I am curious about the issue of the performance of regular cams when their lobes are unequally retracted, and the potential advantages of offset cams and Totem Cams in similar placements.

It seems to be "common knowledge" that regular camming devices like BD C4s should be deployed with all of their cams retracted equally, but I also recall reading recently in a thread on here that at least theoretically, all the lobes should be loaded equally regardless of their relative retraction. (The instructions for the C4 do not seem to have any warning against uneven lobe retraction, unless I'm missing something) I have personally not noticed a difference in performance when weighting and bounce-testing unevenly deployed cams, but my experience in that area is relatively limited. If this is the case, then is the issue one of unexpected movement of the unit in the event of loading? Or is the whole thing a non-issue? I guess the TL;DR question for this paragraph is: Why have I always been told not to place cams with the lobes unevenly retracted?

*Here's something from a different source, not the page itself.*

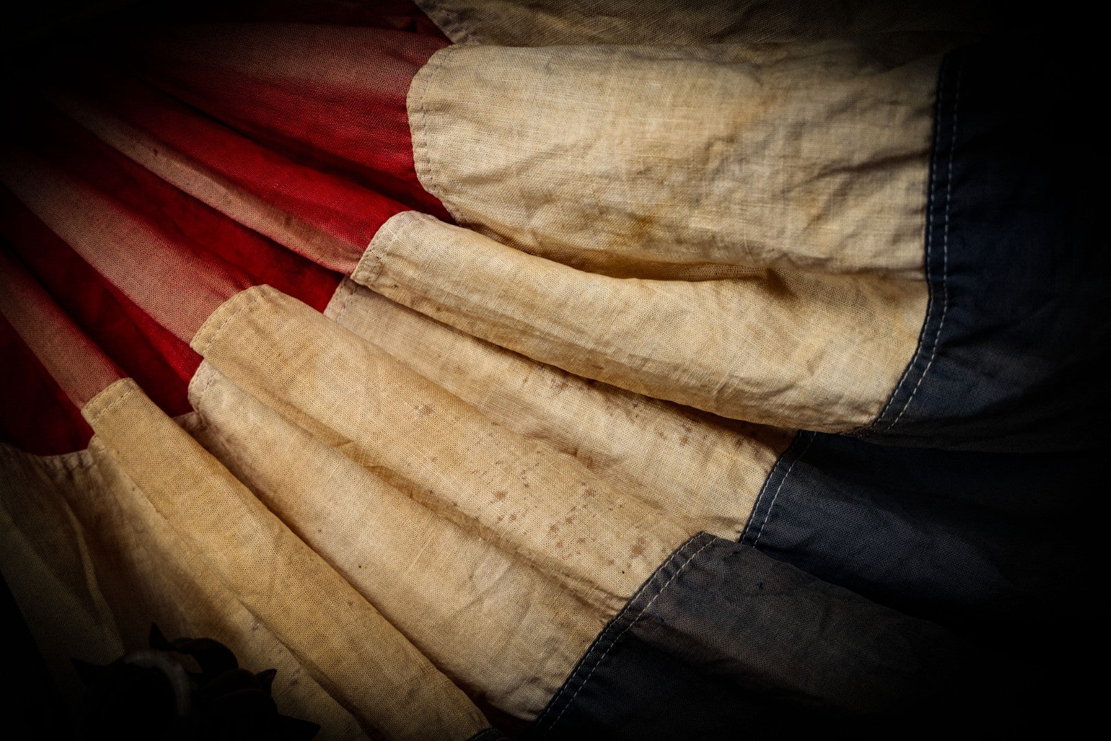 Lot 007 - Vintage Red White And Blue Patriotic Bunting, Note Holes, Fading, And Staining, 76" W x 34" H

If there is no significant difference in performance between a cam placed with all four lobes retracted evenly and one with two lobes (let's say the outer two) retracted less than the other two, then what is the advantage of offset/hybrid cams? Do they cover ranges where the uneven placement of a regular cam would result in the two less-retracted lobes being fully open? I have never used offset cams so I am not at all familiar with their use outside of what I have read.

Finally, are Totem Cams really superior to regular cams in outward-flaring placements? If there is nothing wrong with a slightly offset C4 placement, then I'm not sure what it would mean for a different cam in the same placement to be "superior." I think I understand the other advantages of Totems (spring tension, downward flares, etc.), and that their unique stem design allows for two-lobe placements, but does it really grant a significant advantage in placements where all four lobes are touching rock? The way their stems engage the lobes individually would seem to have some positive effect, but if the lobes of single-stem cams all engage the rock with the same amount of force regardless of their relative retraction, what does the Totem Cam improve on in this particular area?

Kevin Mokracek · · Burbank · Joined Apr 2012 · Points: 200

Do you even off set bro?

Muscrat · · Unknown Hometown · Joined Oct 2011 · Points: 3,610
AaronJ wrote: Why have I always been told not to place cams with the lobes unevenly retracted?
What i want to know, is "WHO TOLD YOU THAT"?
As an extension to this hypothesis, cams only work in parallel sided cracks.
REALLY?
eli poss · · Durango, Co · Joined May 2014 · Points: 456
AaronJ wrote: If this is the case, then is the issue one of unexpected movement of the unit in the event of loading?
Yes. What makes totems better in these placement is the narrow head width. With a totem, you might have 3 or 4 lobes with good retraction compared to 2 a different cam. Obviously offsets will be even better as they have lobes that are actually bigger, but for gentle flares totems are usually good enough.
Kevin Mokracek · · Burbank · Joined Apr 2012 · Points: 200
eli poss wrote: Obviously offsets will be even better as they have lobes that are actually bigger, but for gentle flares totems are usually good enough.
I don't have any numbers to back this up but all things being equal I always place a Totem before I reach for a MC off set or any other type off set. It's been my experience that Totems hold better in 9 out of 10 flared placements and inspire way more confidence than regular off sets.
AaronJ · · Japan · Joined Dec 2013 · Points: 178
Muscrat wrote: What i want to know, is "WHO TOLD YOU THAT"? As an extension to this hypothesis, cams only work in parallel sided cracks. REALLY?
Luebben, Rock Climbing Anchors:
"When setting cams, seek a uniformly parallel spot in the crack where the crack walls are parallel-sided, not wavering, ridged, bumpy, tapering, or flared. You can set a camming unit in non-parallel spots, and often must, but the best, most predictable placements exist in a parallel area of the crack."

Metolius cam manual :
"Make sure that the all cam lobes are retracted evenly"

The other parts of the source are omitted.